Is your business protected from a data breach?

As a small-business owner, you might not be the focus of a Target-level event like the one that compromised more than 100 million of that company’s customers, in 2013. But you are potentially the target of smaller-scale threats that still pose a great danger to your business and your livelihood.

“Securing IT infrastructure is often an afterthought for small businesses,” said John Salamone, vice president of SMB Sales at Kaspersky Lab North America. “This is a mistake, especially considering that, according to the National Cyber Security Alliance, one in five small businesses are attacked by a cyber-criminal each year.”

And so, let’s look at three ways that digitally-based threat actors get into SMB data — from outright hacking to point-of sale attacks (and also the in-house human factor in cyber-security). Along the way, we’ll consider ways to stop these threats at your virtual doorways.

3 Threats, 3 Solutions: Stopping Data Loss for SMBs

It’s not just a cyber-thief in a dark room, tapping keys. Cyber-security is a brick-and-mortar, on-site consideration as well. Beyond simply educating workers about phishing and scams, the following three threats, and the response-strategies that can stop them, address key approaches for SMBs.

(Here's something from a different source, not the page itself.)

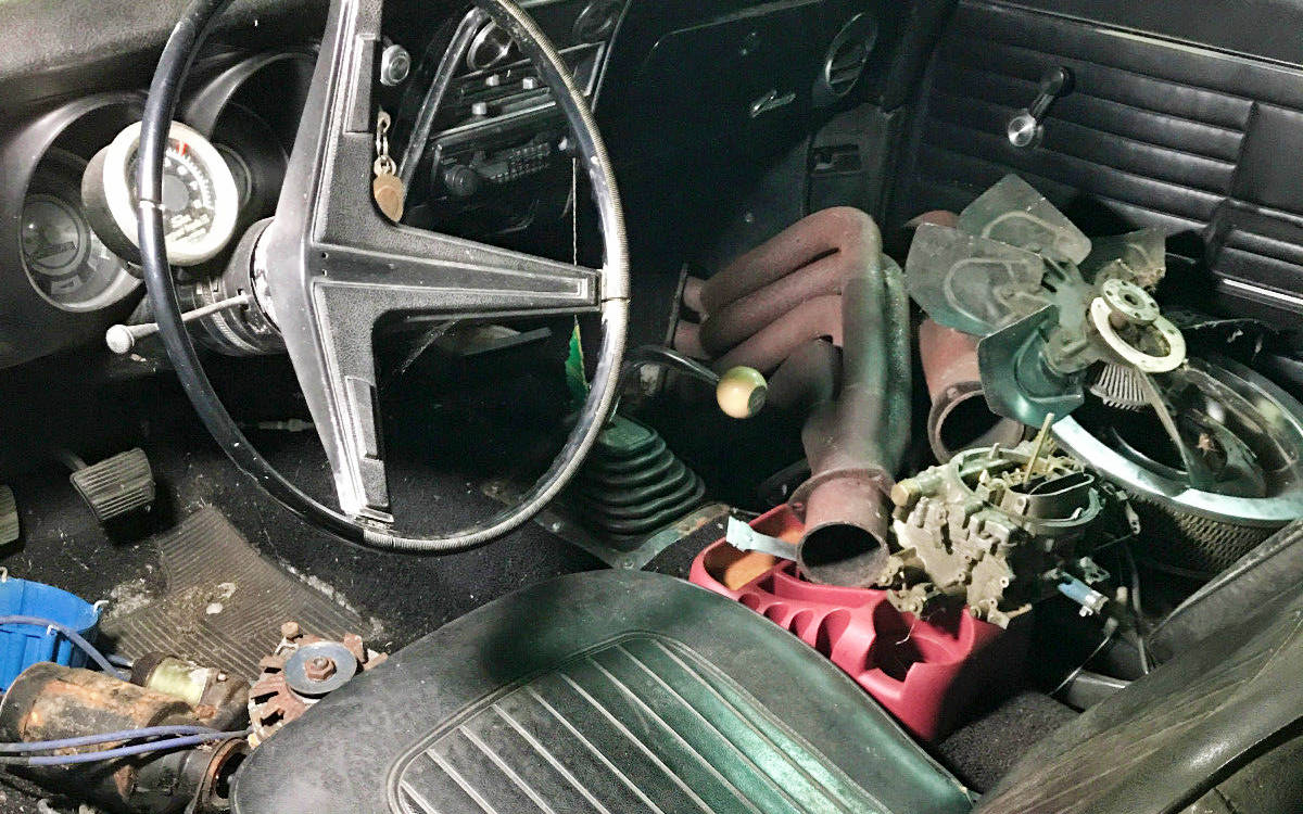 The interior looks to be in decent shape, although it needs to be cleaned out. By the looks of it, this Camaro was still on the road not that long. The cassette player and plastic cup holder suggest it may have been on the road in the ’90s. There are lots of engine parts stashed in here and given the seller’s statement about having parts for a 454, it’s probably safe to assume these parts are from a 454 and not the original 302.

  • Threat: Mobile-device intrusion || Solution: Encryption for laptops, tablets, smartphone. It’s a mobile world, and workers value their work-anywhere capabilities thanks to laptops, tablets, and smartphones. Convenience, however, comes at a price. Companies should institute a personal VPN service on their employees’ mobile devices. A VPN will encrypt the Internet connection — even if it’s a public Wi-Fi spot — so business tasks like e-mail communication, data and file transfers, and Web browsing remain private and secure.
  • Threat: Customer information stored in the merchant environment​ || Solution: On-site point-to-point encryption. If sensitive customer data such as credit card numbers are a target, then SMBs would do well to minimize the presence of that information in their systems. One method is to encrypt everything the business takes in at points of sale. “With a P2PE-enabled device in play, the credit card data is securely encrypted as it is swiped, and it’s passed in encrypted form to the credit-card processor,” explained Nathan Casper, marketing manager at Shift4, in an e-mail. “From there, a token value is handed back to the merchant that stands in place of the real card number, allowing merchants to handle refunds or recurring transactions without exposing them to the risk of holding on to actual cardholder data. This combination of P2PE and tokenization likely would have prevented the breach at Target because there would have been no data in their system for the thieves to compromise.” 
  • Threat: Rogue insiders and ex-employees retaining access privileges || Solution: Robust identity-and-access management policy. Whether they’re still working for you, or they’ve left, access privileges are a soft spot for SMBs (and all companies). With an IAM system in place, however, an owner or IT manager can quickly revoke all access privileges when it comes to a given employee, current or past.

While cyber-threats are myriad, starting with these strategies — visiting and re-visiting both the basics of your software infrastructure and your employee data-access tools — your business information will be safer. Your customers will thank you for that… and you’ll stay clear of that dreaded 70% club of SMBs, the ones that lost it all due to data loss.